Calling Out Will Carroll

FakeTeams

raygu points out a Will Carroll chat yesterday (and quotes from it), in which Will ranks David Price and Steven Strasburg ahead of Clayton Kershaw. Obviously, what matters most is why you’re ranking them (and that isn’t clear from the excerpt, at least), but it also goes to the role of the expert and our belief in what experts say. 
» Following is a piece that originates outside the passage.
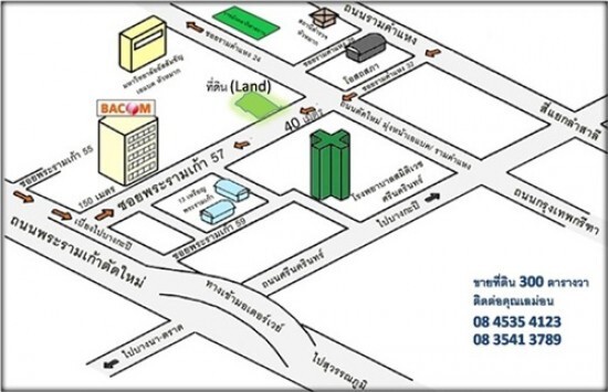 ขายที่ดินทำเลทอง ปากซอยหัวหมาก 21 (ถนนหัวหมาก-เอแบค) หรือซอยพระรามเก้า 57 เนื้อที่ 301 ตารางวา ราคาพิเศษ

Those experts who play in the media pool have to come with new stuff all the time, because bold declarative sentences are what work best on radio and television (and in print, too, really). So they always have to be coming up with newest thing, rather than carefully tracking the long arc of the real thing as it’s happening. I’m not sure it matters whether Will has seen Strasburg play, because what we know about him is exciting (he throws harder than anyone ever, except for Sidd Finch and Paul Bunyan)  and makes for a much better story than Clayton Kershaw’s right now (young pitcher is growing into his ability, showing he belongs in the big leagues, but is not dominant and maybe he won’t be, though we wouldn’t be surprised if someday he was). 

Nick Kristoff takes a look at the efficacy of experts in the New York Times today. It’s well worth reading, especially when culling the preseason picks of us so-called experts. It isn’t that Will or Jim Callis or any other baseball expert you care to pillory doesn’t know what he or she is talking about. The problem is that whatever ability we have to forecast what will happen in the future is slight, on any subject, and so (to my mind) the discussion should be a fox-like series of explanations and equivocations. What’s possible, why, and why that might not happen. 

But the world wants answers, because the entertaining bloviating of the hedgehog is seen as much more assured and credible–even though the studies Kristoff cites show they are more often wrong. Even, shockingly, the fox doesn’t know the subject and the hedgehog does.

[Ps. I don’t think Will is by nature a hedgehog. He tries to add nuance to much of what he says. One of the reason he’s been so successful, I think, is because he tells what he knows, and is usually pretty clear about what is conjecture. But in a chat or on TV or the radio, it works best to make the big statement, rather than a bunch of little nuanced ones.)